Gabriela Montero Wins Václav Havel International Prize for Creative Dissent

23 May 2024

Gabriela Montero has been awarded the Václav Havel International Prize for Creative Dissent by The Human Rights Foundation (HRF).

HRF Founder Thor Halvorssen said, “Every year, the Havel Prize celebrates individuals who, with courage and creativity, unmask tyranny and embody the concept of ‘Living in Truth,’ as relevant today as when it was articulated by Václav Havel almost 45 years ago. Their work stands as a testament to extraordinary bravery and ingenuity,”

This year’s laureates will be recognized during a ceremony on Tuesday, 4 June at the 2024 Oslo Freedom Forum (OFF) in Oslo, Norway. Montero will be performing the European and Scandinavian premiere of “Canaima: A Quintet for Piano and Strings” at the Oslo Konserthus.

The Havel Prize ceremony will also be broadcast live at

Gabriela Montero is an internationally acclaimed Venezuelan pianist and composer. Montero’s journey of creative dissent began in 2011 with her first orchestral composition, “Ex Patria,” a tone poem designed to illustrate and protest Venezuela’s descent into lawlessness, corruption, and violence. Her recording of the work won a Latin Grammy® for Best Classical Album in 2015. Further compositions followed, including the “Latin Concerto” (2016), “Babel” (2018), and “Canaima; a Quintet for piano and Strings” (2024).
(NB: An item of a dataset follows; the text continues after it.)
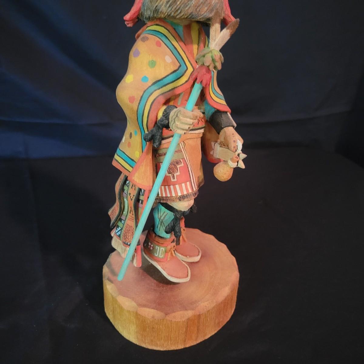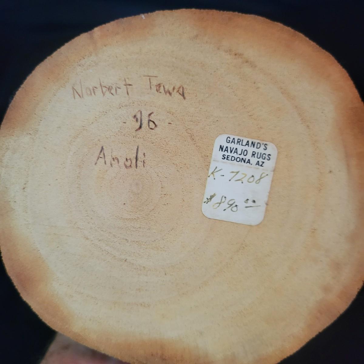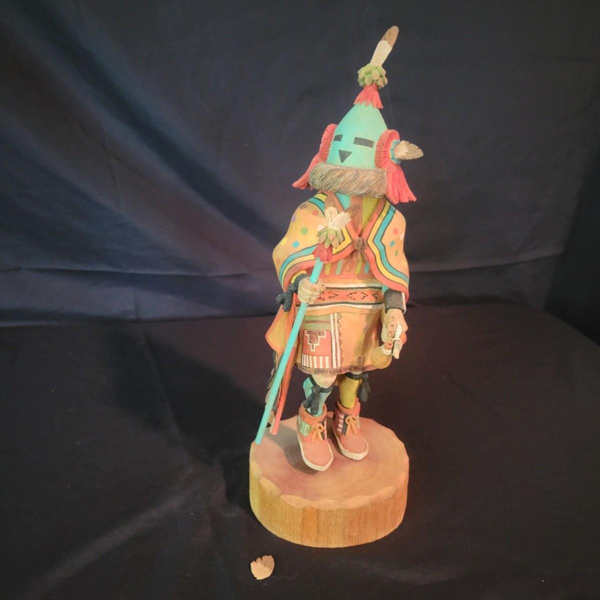 A wooden Hopi Kachina doll signed by Norbert Tewa. This piece has exquisite detail and vivid coloring. It measures approximately 4.5'D x 13"H. An ear on the carving is broken, but is included and could be repaired. Shipping available
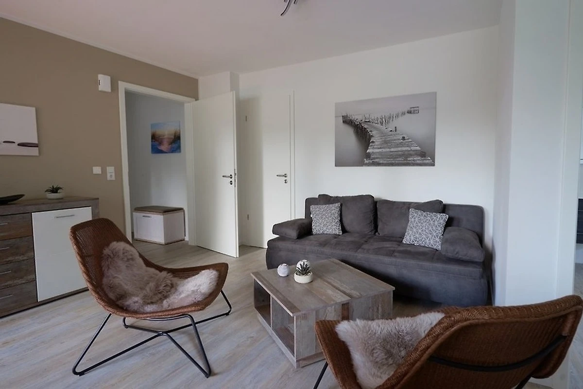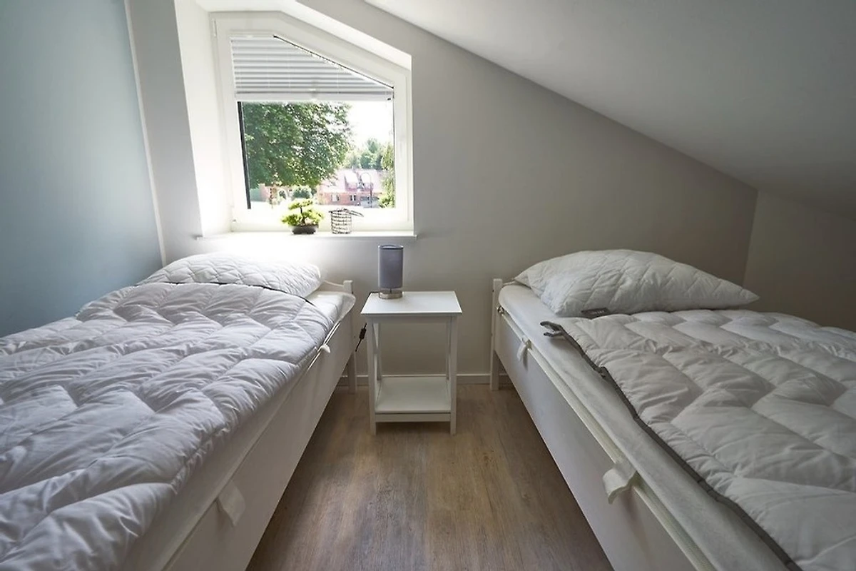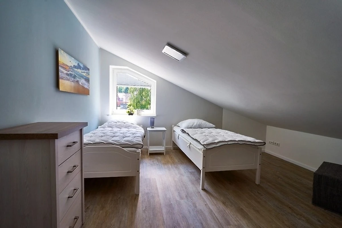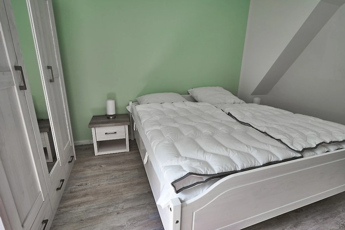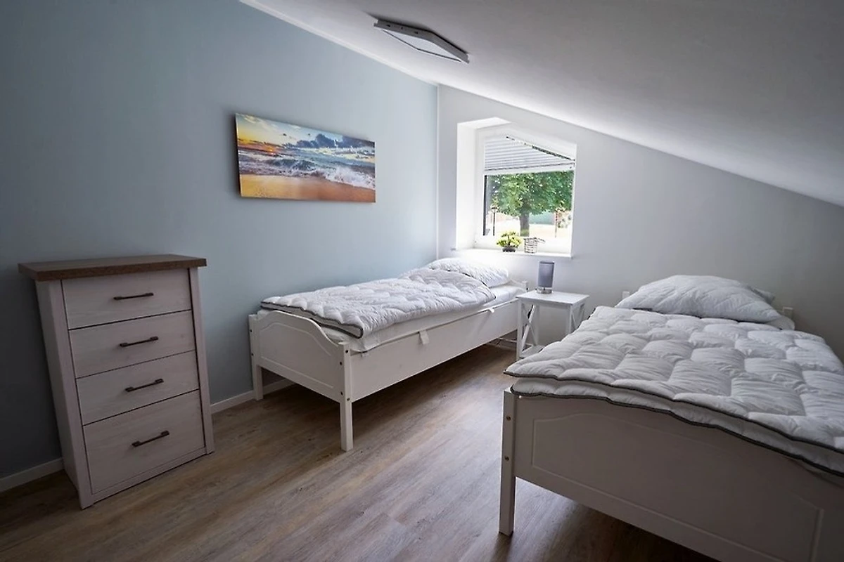 Ein Schlafzimmer mit einem 1.80 m breitem Doppelbett, eins mit zwei Einzelbetten, Wohnzimmer mit Ausziehcouch.

Winner of the 4th International Beethoven Award, Montero is a committed human rights advocate whose voice regularly reaches beyond the concert hall. She was named an Honorary Consul by Amnesty International in 2015. In January 2020, she was invited to give the Dean’s Lecture on creative dissent at the Harvard Radcliffe Institute and has spoken and performed twice at the World Economic Forum in Davos. She was awarded the 2012 Rockefeller Award for her contribution to the arts and was a featured performer at Barack Obama’s 2009 Presidential Inauguration.
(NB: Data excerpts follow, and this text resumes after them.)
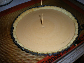 To partially bake the crust, preheat the oven to 400°. Butter one side of a sheet of aluminum foil and place that down on the crust. Fill the foil with dried beans or rice or pie weights. Put the pie plate on a baking sheet and bake for 25 minutes. Carefully remove the foil and weights, and if the crust has puffed, press it down gently with the back of a spoon. Return the pie plate to the oven and bake for 8 minutes more, or until the crust is very lightly colored. (I skipped the 8 minutes when making the tart.) Cool to room temperature before filling.
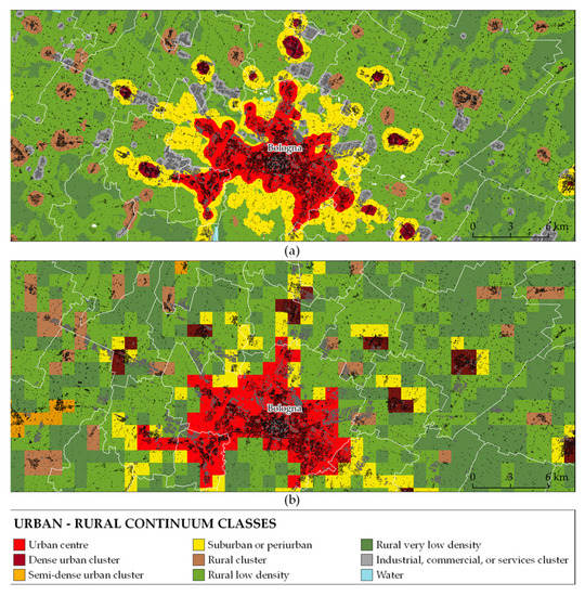 Urban area of Bologna: comparison between (a) classification of the urban–rural continuum from the proposed data (2018) and (b) GHS-SMOD (2020). The two data are consistent with regard to the distribution of the different classes; however, the proposed data represent with higher geometric detail the edges of dense urban centers and the spatial configuration of small and medium-sized clusters that have developed around the main metropolitan areas.
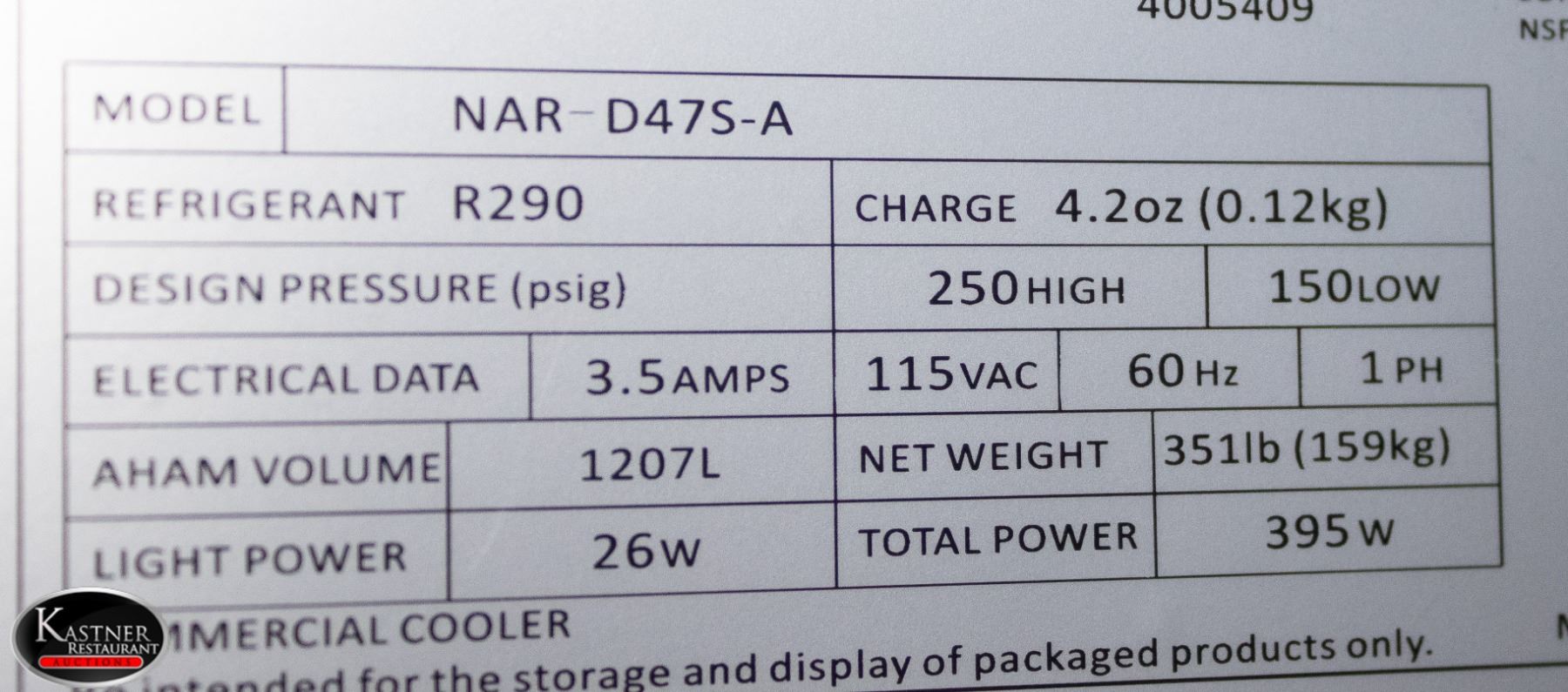 MODEL # NAR-D475-A 3.5 AMPS, 115 VAC, 60 HZ, PHASE 1, 395 WATTS
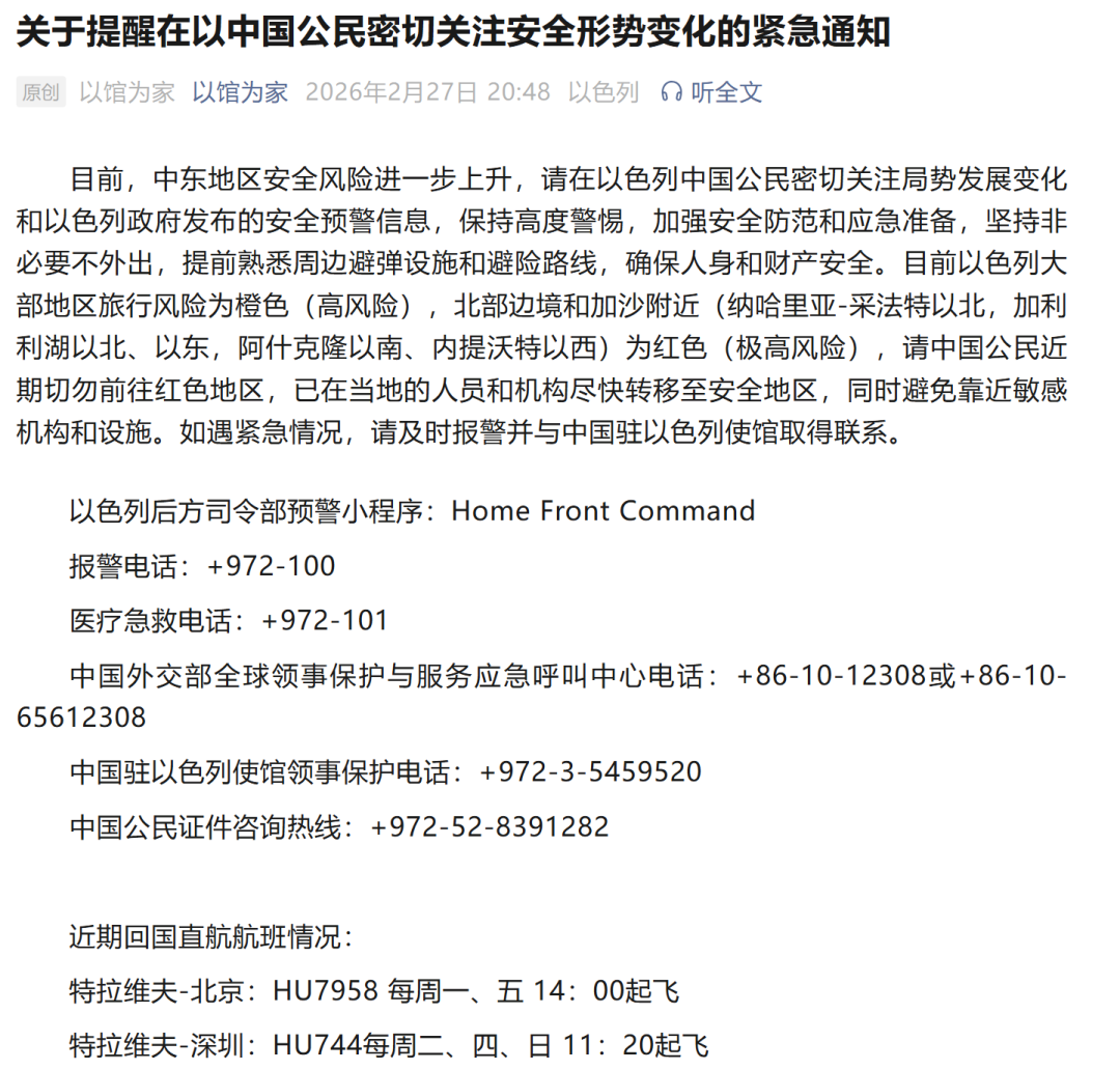 中国驻以色列大使馆发布紧急通知:

The Havel Prize is named after the late Czech president, poet, playwright, dissident, statesman, and former HRF chairman, Václav Havel. Havel led the nonviolent revolution that freed Czechoslovakia from Communist rule, creatively challenging arbitrary power and injustice in his country.

HRF launched the Havel Prize in 2012 with the support of Dagmar Havlová, Havel’s widow. Laureates received a bronze sculpture depicting the “Goddess of Democracy,” the iconic figure erected by Chinese students during the Tiananmen Square protests in June 1989. In addition, each laureate will receive a prize of USD 50,000.
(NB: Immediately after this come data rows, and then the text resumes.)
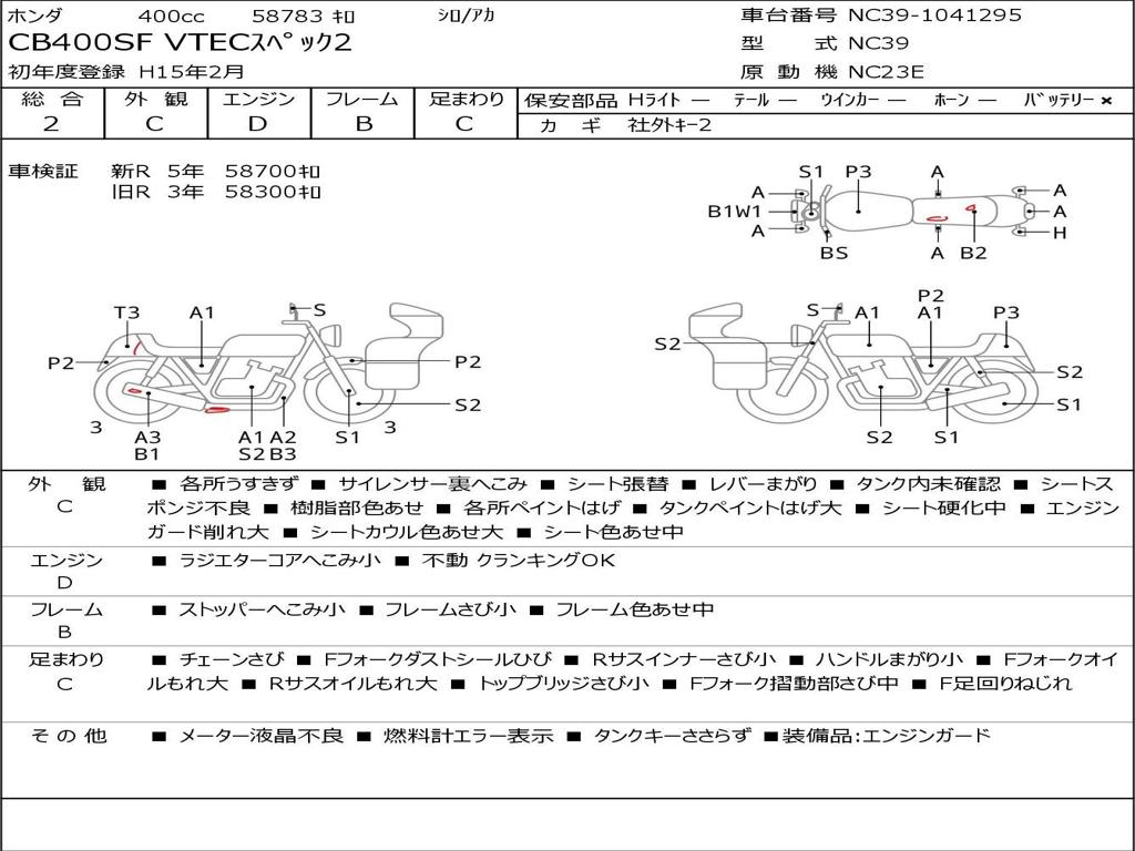 | Номер рамы / VIN | NC39-1041295 |
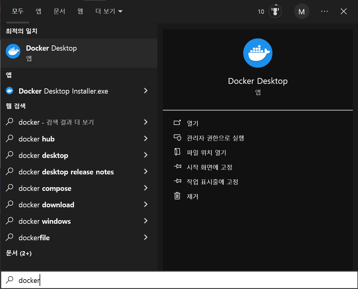 이 명령어를 실행하기 전 Docker Desktop을 필수적으로 실행해야합니다.
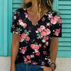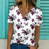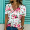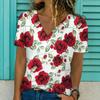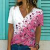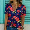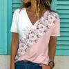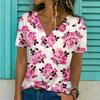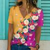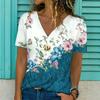 Летний топ с V-образным вырезом, 3D-принтом с красивым цветочным узором, модная повседневная женская футболка с коротким рукавом
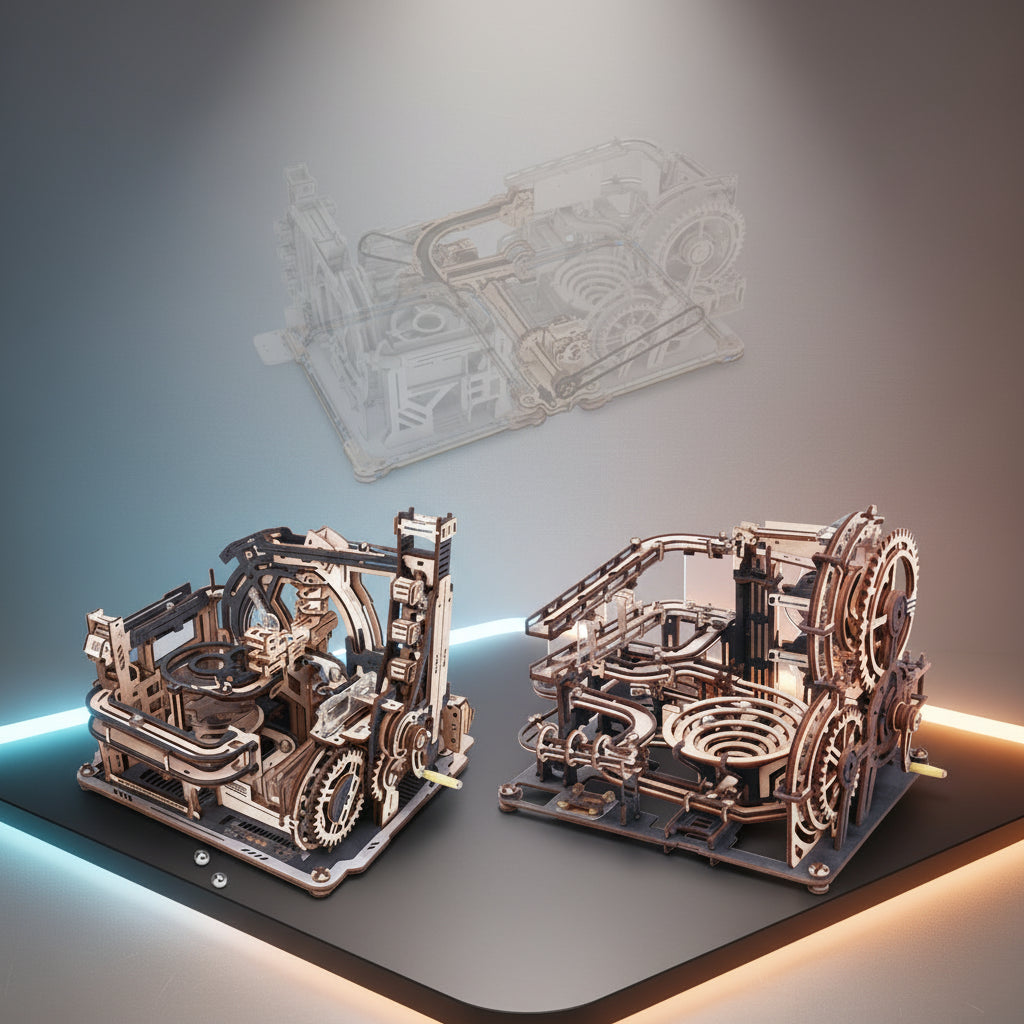 Ses parois ultra-transparentes PC/PS révèlent chaque mouvement des billes à travers 5 pistes et 6 mécanismes de déviation sophistiqués

Previous laureates include performance project Stand Up for Ukraine, Nicaraguan political cartoonist Pedro X. Molina, prominent Ugandan novelist Kakwenza Rukirabashaija, Iranian artist project PaykanArtCar, late Rwandan gospel musician and activist Kizito Mihigo, Saudi women’s rights activist Manal al-Sharif, Chinese artist Ai Weiwei, South Sudanese activist and musician Emmanuel Jal, the Belarus Free Theatre, Cuban civil society group the Ladies in White, and Thai band Rap Against Dictatorship.